Remembering the river episode, Keturah realized her mother was right about her occasional lack of common sense. Reluctantly, she restored the shawl to its hiding place. She dashed to the smokehouse and cut down a large ham. Carrying her greasy bundle, Keturah hurried into the cabin and managed to slice it for frying without wounding herself. She raised cloths covering the rising bread to check its progress and sighed. Mama’s loaves looked perfect. Hers were lopsided.
As a final peace offering to Mama and Friend Squibb, she made gingerbread cookies using Grandmama’s recipe, the only dish she never ruined. As she rolled and cut the rich brown dough into circles, she recalled that, long ago, her Methodist aunt Rachel had told Keturah her Quaker grandmamma secretly called them Christmas cookies. Keturah had followed tha
t example. Now the cake-like treats added their aroma to the cabin’s mouthwatering aura.

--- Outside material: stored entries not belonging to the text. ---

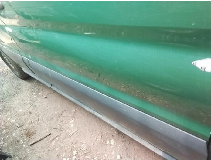
8: Qtr Panel nsr Scratched Over 25mm Thru Paint
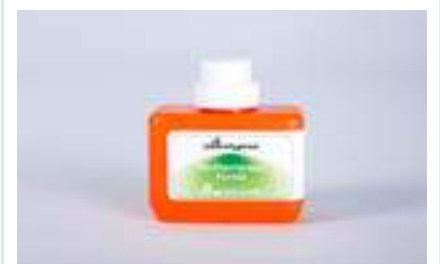
75ml Booster Sanair refill
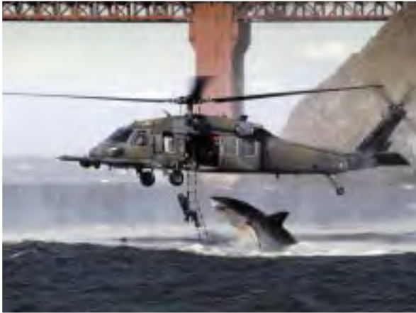
A different version of Lake Placid
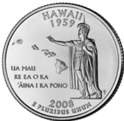
Hawaii Commemorative Quarter-Dollar Coin

Presidential $1 Coin Act: The eighth coin in the Presidential $1 Coin Program honors President Martin Van Buren and was released to the general public on November 13, 2008. Shipments of the Martin Van Buren $1 Coin to the Federal Reserve Bank totaled 90.5 million coins at the close of the first quarter of FY 2009.
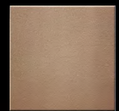
Mist - Pearlescent
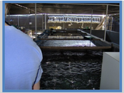
OK I still can't see. Let me go down to the other side.
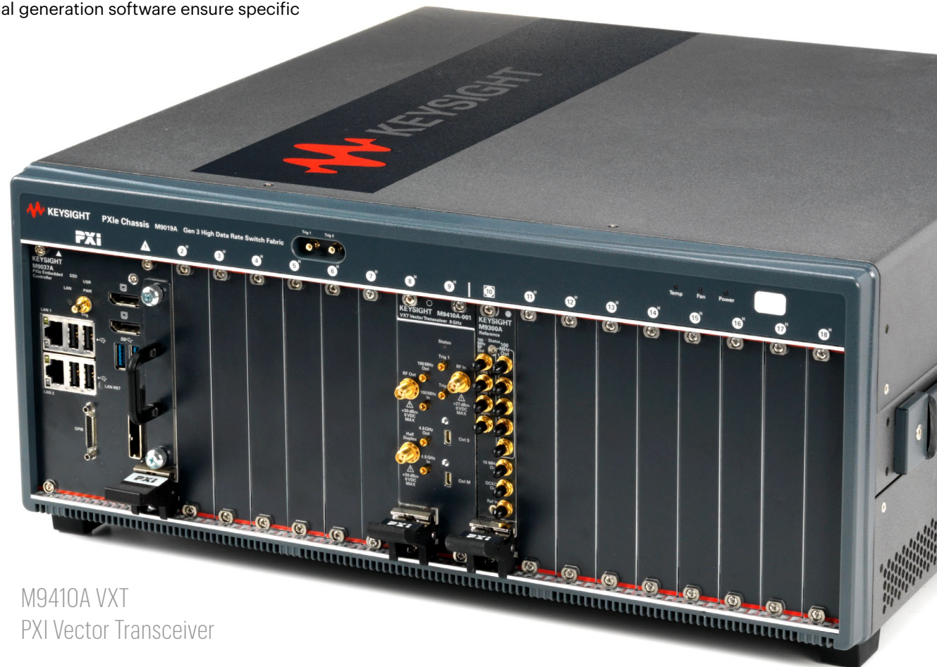
M9410A VXT PXI Vector Transceiver
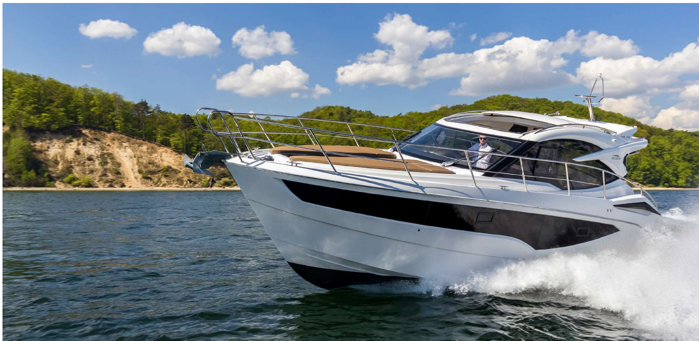
Visually stunning, the 365 is a true sport cruiser

A striking side profile of the 365 HTS promises a thrilling ride which the expertly designed hull can deliver in any weather conditions.
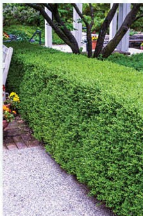
BUXUS MICROPHYLLA 'WINTERGREEN' WINTER GREEN BOXWOOD

Height: 2', Foliage: Green, Spread: 2', Fall Foliage: Green, Zone: 6 - 9, Shape: Round
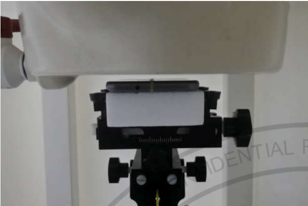
Front, Test Separation 5 mm
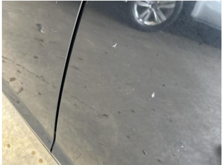
10: Door nsr Chipped 1 To 5
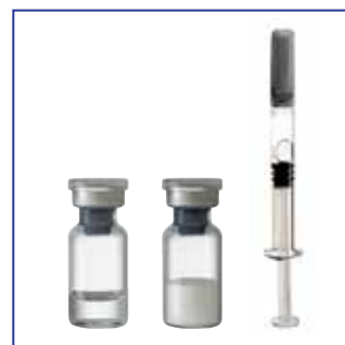
Proven delivery systems to optimize your development approach

Our premium manufacturing and clinical supply site near Chicago, Illinois, has the people, processes, and technology to serve pharma and biotech companies of every size with customizable solutions for drug compounds in any stage from Preclinical Testing to Phase II and beyond. As a strategic partner with a global network of excellence, we provide proven drug delivery systems specifically designed for the clinical needs and timelines of your complex compound.
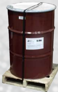
Drum = 1,700 lb
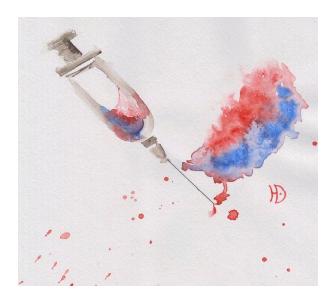
Fig. 2 Inj(f)ection , painted by Yulia Erokhina

When researching the process of stereotyping the Russian Orthodox Church in fake news in the context of the COVID-19 pandemic, it makes sense to consider measures to reduce social entropy and increase negentropy, and their significance. The following pattern has been revealed: when we try to fight unreliable information, we only root it deeper in mass consciousness [37, 68]. That is, a powerful counteraction
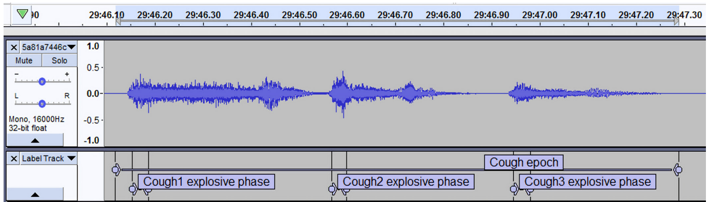
Figure 3 Labelling example for cough explosive phases and epochs. Screenshot taken in Audacity 2.2.2. ( https://www.audacityteam.org ).

describe coughing that are proposed by the European Respiratory Society. 10
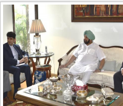
CAPT AMARINDER MOOTS A PUNJAB IRAN CHAMBER OF COMMERCE TO BOOST TRADE, INVITES IRANIAN ENVOY TO 550TH PRAKASH PURB
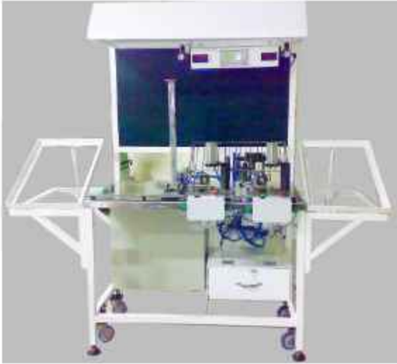
ASSY. WORK STN. WITH SEMI AUTOMATION
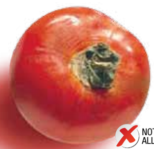
■ Signs of rotting

Keturah tidied up and set the table with Mama’s white tablecloth and dark blue-and-white crockery, brought precariously downriver from Pennsylvania. The room with its scrubbed wooden floor, cozy rag rugs, and polished pewter would smile a welcome to Friend Squibb.
Keturah washed up then clambered up narrow stairs to her bedroom. She brushed her hair until it glowed like summer wheat, and donned her best dress—without the red shawl.
♦ ♦ ♦
Friend Squibb did not appear nervous, if one judged by appetite. He ate as much as Keturah’s father and brother combined. Had he devoured a whole pie? But he also was making Keturah’s Christmas cookies disappear. Between bites, he declared he had not eaten such a feast since his dear Sally departed this life.
Keturah choked on her pie. One glance told her Mama had known. No wonder I did not remember him. He has to be at least fifteen years older than I.
Still, he was handsome, an enormous tanned, blond-haired man. She brushed away a biblical reference to the giant Anakites of Canaan from her mind and tried to smile. She did not have to make conversation, for Friend Squibb devoted his whole attention to eating. Due to a full mouth, he rarely answered. At least not so she could understand. Keturah tried not to panic when Papa and Caleb left to do chores after dinner without inviting their visitor to join them. Her mother accepted Keturah’s fervent offer to help with dishes but went to fetch heated water from the washhouse.
She hoped Friend Squibb’s heavy meal would make him drift off. Instead, his alert blue eyes surveyed her with a pleased air. Keturah gulped.
“Thee has been well?” Friend Squibb gave her a huge, toothy smile.
“Very well, indeed.” She could not tell him his manners nauseated her.
“Thou art tall and strong, not frail and fussy, like so many young women.” He cocked his head to one side. “Thee likes children?”